I suppose one could start by checking the FDA’s own site for How Drugs are Developed and Approved . Weird notion, I know.
Bringing Nonprescription Drug Products to the Market Under an OTC Monograph
OTC drugs can be brought to the market following the NDA process as described above or under an OTC monograph. Each OTC drug monograph is a kind of “recipe book” covering acceptable ingredients, doses, formulations, labeling, and, in some cases, testing parameters. OTC drug monographs are continually updated to add additional ingredients and labeling as needed.
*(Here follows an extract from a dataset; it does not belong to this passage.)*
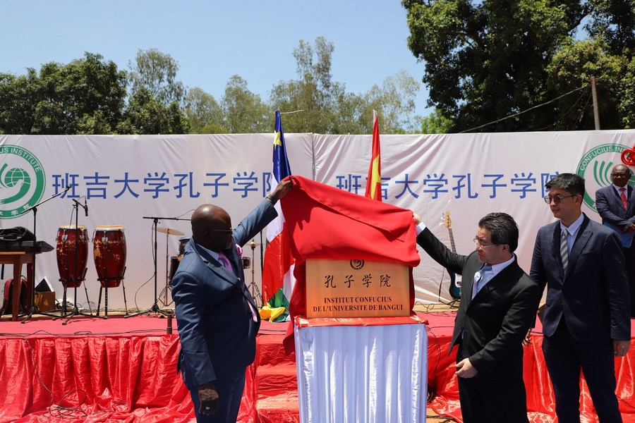 4月18日,在中非共和国班吉大学,中非共和国高等教育、科研和技术创新部部长让·洛朗·西萨-马加莱(左)和中国驻中非共和国大使李钦峰为孔子学院揭牌。(新华社发,史第文摄)
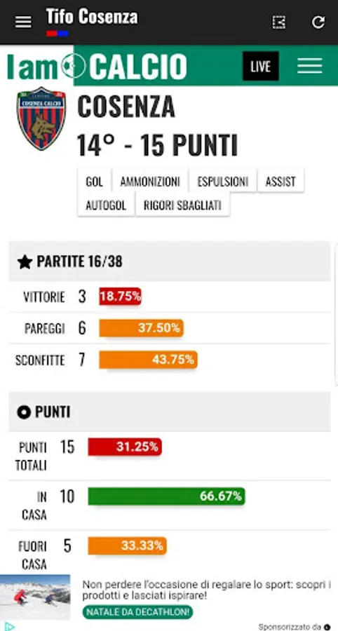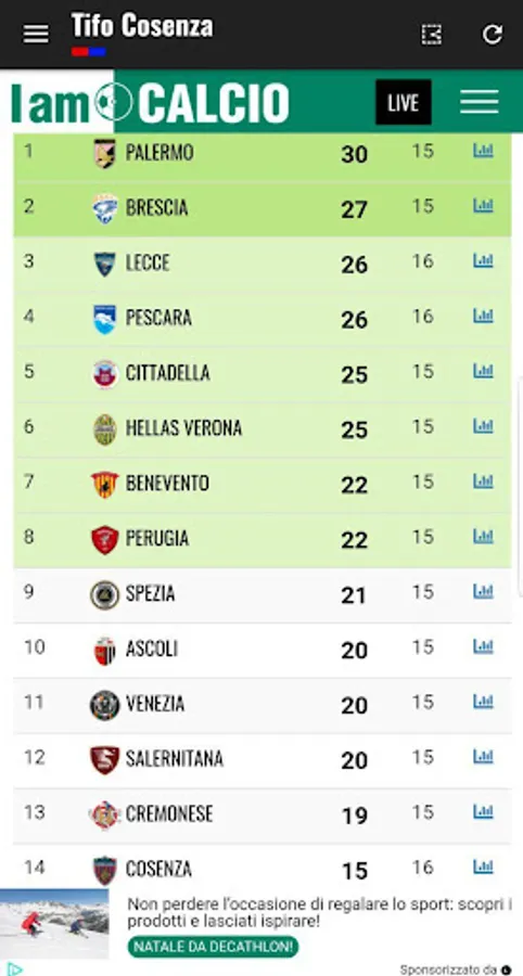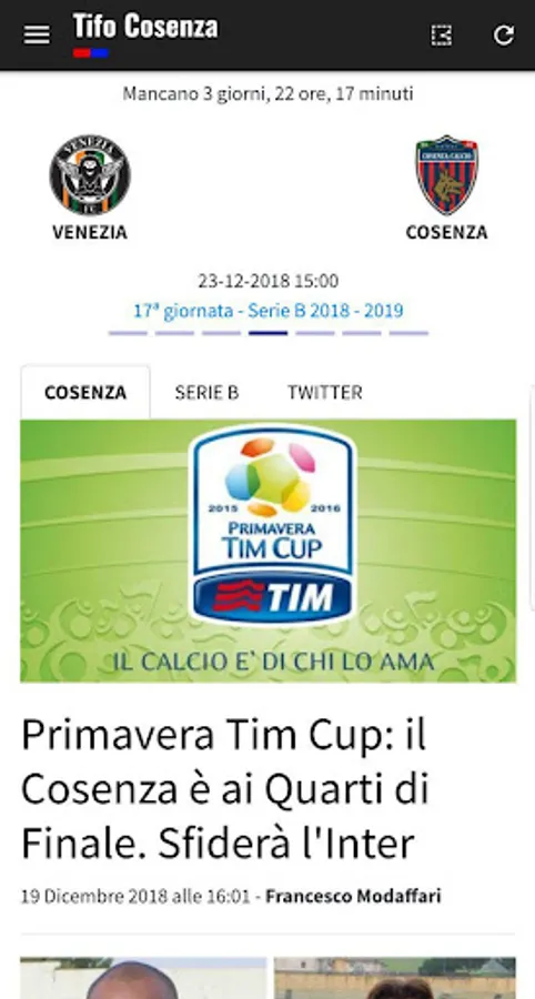 Your football team always with you. The app is dedicated to Cosenza fans, in this way they will have easy access to the results in real time with a detailed program on both past and future matches. A standings that are always updated live, the calendar of the season with the possibility of focusing on a single team and having a personalized roadmap. Particular attention to statistics, top scorers, expulsions, etc.

Products conforming to a monograph may be marketed without FDA pre-approval. The NDA and monograph processes can be used to introduce new ingredients into the OTC marketplace. For example, OTC drug products previously available only by prescription are first approved through the NDA process and their “switch” to OTC status is approved via the NDA process. OTC ingredients marketed overseas can be introduced into the U.S. market via a monograph under a Time and Extent Application (TEA) as described in 21 CFR 330.14. For a more thorough discussion of how OTC drug products are regulated visit FDA laws, regulations and guidances that affect small business. Information is also provided on financial assistance and incentives that are available for drug development.
I do know of at least one drug that is prescription in Canada and OTC in the US and at least for which the reverse is true. In a lot of cases, it makes little or no sense. I once read that if aspirin had been discovered in the 20th century, it would likely be prescription only.